Hello, I just trained a word2vec model using the following code:

model = gensim.models.Word2Vec(corpus_sentences,

min_count= 1,

workers= 6,

size= 100,

window= 5,

iter = 50)

model.wv.save('word2vec_s100_w5_m1_i50_v2.bin')

It went through without any error.

Now, when I try to load it, I get an error:

model = gensim.models.KeyedVectors.load_word2vec_format(model_file, binary=True, unicode_errors='ignore')

2020-07-18 21:17:45,143 : INFO : loading projection weights from /media/santoshbs/GanWD3T/pCloud/2-Gan-Own/27-Gan-NamedEntity/compustat/word2vec/out/word2vec_s100_w5_m1_i50_v2.bin

Traceback (most recent call last):

File "<ipython-input-7-7e63ae0c5d11>", line 1, in <module>

model = gensim.models.KeyedVectors.load_word2vec_format(model_file, binary=True, unicode_errors='ignore')

File "/anaconda3/envs/env_spacy/lib/python3.7/site-packages/gensim/models/keyedvectors.py", line 1549, in load_word2vec_format

limit=limit, datatype=datatype)

File "/anaconda3/envs/env_spacy/lib/python3.7/site-packages/gensim/models/utils_any2vec.py", line 276, in _load_word2vec_format

header = utils.to_unicode(fin.readline(), encoding=encoding)

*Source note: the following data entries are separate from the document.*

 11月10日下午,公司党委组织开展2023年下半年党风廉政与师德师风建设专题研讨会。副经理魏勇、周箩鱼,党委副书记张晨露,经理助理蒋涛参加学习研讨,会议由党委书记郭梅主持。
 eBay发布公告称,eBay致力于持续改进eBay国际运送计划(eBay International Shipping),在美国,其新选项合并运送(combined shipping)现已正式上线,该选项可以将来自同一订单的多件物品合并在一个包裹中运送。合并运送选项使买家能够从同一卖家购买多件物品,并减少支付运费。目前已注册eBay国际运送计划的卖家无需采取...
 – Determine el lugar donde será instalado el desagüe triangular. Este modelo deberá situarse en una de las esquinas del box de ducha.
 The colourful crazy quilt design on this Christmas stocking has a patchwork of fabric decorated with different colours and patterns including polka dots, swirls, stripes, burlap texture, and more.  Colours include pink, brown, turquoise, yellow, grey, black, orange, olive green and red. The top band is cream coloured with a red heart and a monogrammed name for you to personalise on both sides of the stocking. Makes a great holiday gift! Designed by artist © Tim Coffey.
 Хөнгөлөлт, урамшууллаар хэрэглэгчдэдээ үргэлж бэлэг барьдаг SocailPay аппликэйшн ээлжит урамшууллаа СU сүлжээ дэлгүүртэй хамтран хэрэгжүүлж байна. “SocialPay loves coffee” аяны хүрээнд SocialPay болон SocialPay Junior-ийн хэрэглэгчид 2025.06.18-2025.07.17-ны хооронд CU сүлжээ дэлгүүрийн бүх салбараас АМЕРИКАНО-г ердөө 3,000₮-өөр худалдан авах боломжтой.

File "/anaconda3/envs/env_spacy/lib/python3.7/site-packages/gensim/utils.py", line 368, in any2unicode

return unicode(text, encoding, errors=errors)

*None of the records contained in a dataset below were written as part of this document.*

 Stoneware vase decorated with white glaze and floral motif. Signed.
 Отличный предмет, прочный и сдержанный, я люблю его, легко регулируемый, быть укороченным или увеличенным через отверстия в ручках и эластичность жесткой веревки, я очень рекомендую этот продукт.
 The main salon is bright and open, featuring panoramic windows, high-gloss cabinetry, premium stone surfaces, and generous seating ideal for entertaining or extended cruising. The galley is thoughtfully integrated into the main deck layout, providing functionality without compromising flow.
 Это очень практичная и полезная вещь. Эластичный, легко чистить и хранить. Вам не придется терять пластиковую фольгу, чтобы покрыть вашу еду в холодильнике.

UnicodeDecodeError: 'utf-8' codec can't decode byte 0x80 in position 0: invalid start byte

Request your help on solving this issue.

Thanks and regards
sbs

Gordon Mohr

unread,

Jul 19, 2020, 12:44:35 PM7/19/20

to Gensim

If you save a model using the gensim native `.save()`, it should be loaded using the gensim native `.load()` on the same class as was saved. (The `.load_word2vec_format()` method is for loading plain vector sets in another format, as if saved by `.save_word2vec_format()` or from other non-gensim tools.)

So try:

w2v_model = gensim.models.Word2Vec.load(model_file)

And if you just want the word-vectors....

kv_model = model.wv

(And if you only wanted to save the word-vectors, you could initially have just saved `w2v_model.wv.save(FILENAME)` then loaded `kv_model = KeyedVectors.load(FILENAME)`.)